Cost of sales. Cost of sales decreased $0.9 million or 20.7%, to $3.6 million, or 46.7% of net sales in the three months ended June 30, 2009 from $4.6 million, or 52.2% of net sales in the three months ended June 30, 2008. The decrease was primarily the result of the decrease in product sales during the quarter which accounted for $0.5 million of the decrease, as well as by a $0.4 million decrease in EMD related costs.

Research and development. Research and development expense decreased $1.9 million or 60.0% to $1.3 million or 16.6% of net sales in the three months ended June 30, 2009 from $3.2 million or 36.8% of net sales in the three months ended June 30, 2008. The decrease in research and development expense in the quarter was primarily due to a reduction in headcount related costs and a decrease in cost from third-party subcontractors of $1.0 million and $1.1 million, respectively. This was offset by an increase in deferred EMD related direct costs of $0.4 million. The significant research and development costs in the prior period primarily related to the Eclipse program that ended during the fourth quarter of fiscal year 2008. Since the termination of the Eclipse program the Company has reduced the total number of employees in the research and development department and has streamlined its research and development functions. However, the Company continues to invest in on-going research and development of our core products.


Table of Contents

Selling, general, and administrative.Selling, general and administrative expenses decreased $1.4 million, or 43.9%, to $1.8 million, or 23.7% of net sales in the three months ended June 30, 2009 from $3.2 million or 37.5% of net sales in the three months ended June 30, 2008. The decrease was primarily due to a reduction in professional fees, specifically legal costs, as well as a decrease in headcount related costs of $0.5 million and $0.5 million respectively. During the three months ended June 30, 2008 the Company incurred $0.5 million of legal fees in connection with litigation related to protecting its Intellectual Property.

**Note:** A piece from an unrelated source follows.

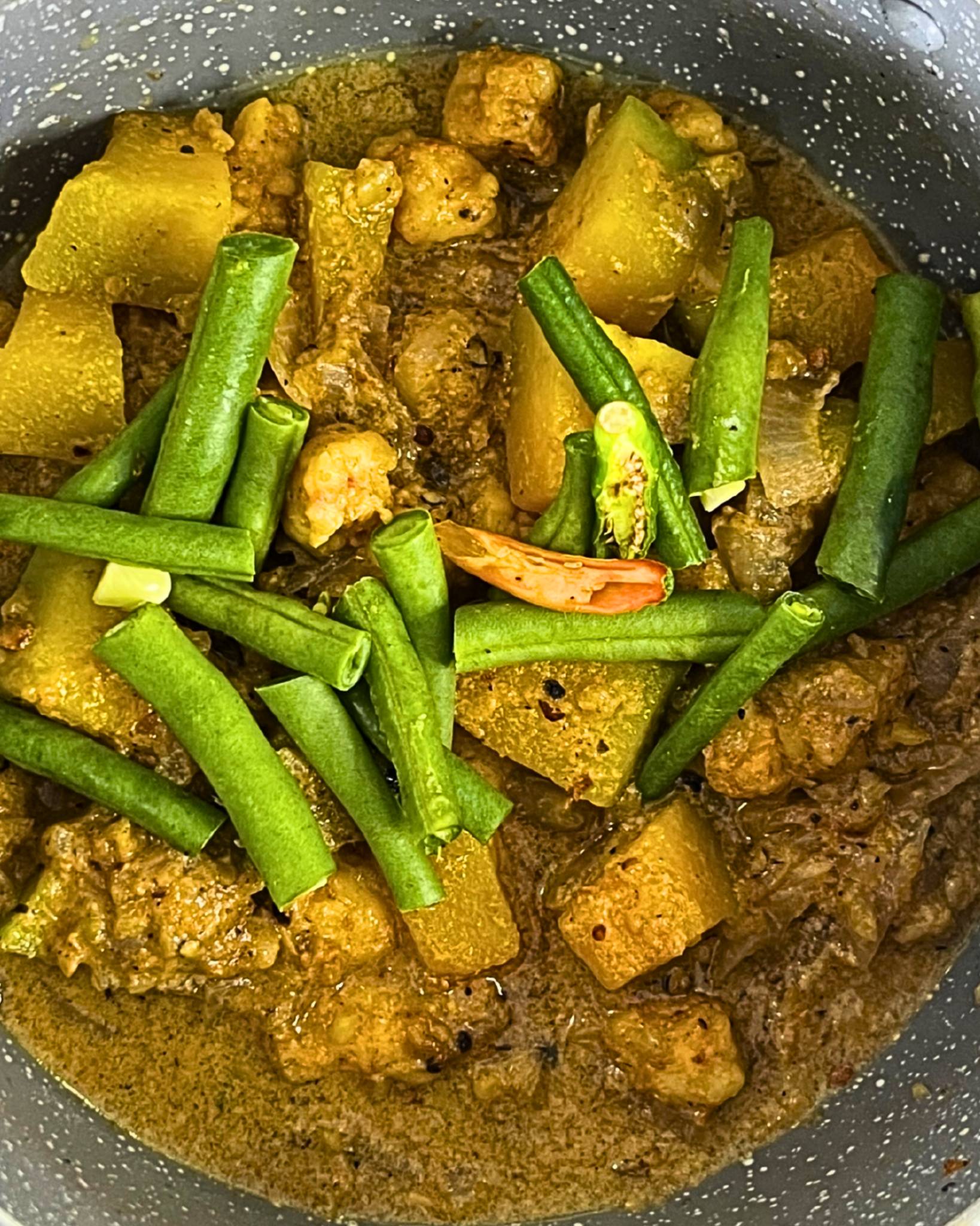 Add the remaining GG6 pack (Sitaw, Long Green Chilli) and simmer for 4–5 minutes until vegetables are tender.

Interest income. Interest income was $63,000 in the three months ended June 30, 2009 as compared to $284,000 in the three months ended June 30, 2008. The decrease in interest income was primarily the result of our reduced average cash balance in the current quarter as compared to the same period in the prior year as well as lower interest rates in the quarter as compared to the same period in the prior year.

Interest expense. Interest expense was $20,000 in the three months ended June 30, 2009 as compared to $33,000 in the three months ended June 30, 2008. The reduction was primarily due to lower interest rates in effect during the period compared to the same period in the prior year.

Income tax expense (benefit). The income tax benefit for the three months ended June 30, 2009 was $199,000 as compared to $256,000 for the three months ended June 30, 2008. The decrease in the income tax benefit for the three months ended June 30, 2009 is due to a decrease in the FIN 48 liability upon the expiration of certain state statutes of limitations in the three months ended June 30, 2008. The Company continues to maintain a full valuation allowance as of the period ended June 30, 2009 on its net deferred tax assets. In accordance with FAS 109 the Company will continue to evaluate the need for a full or partial valuation allowance on a quarterly basis.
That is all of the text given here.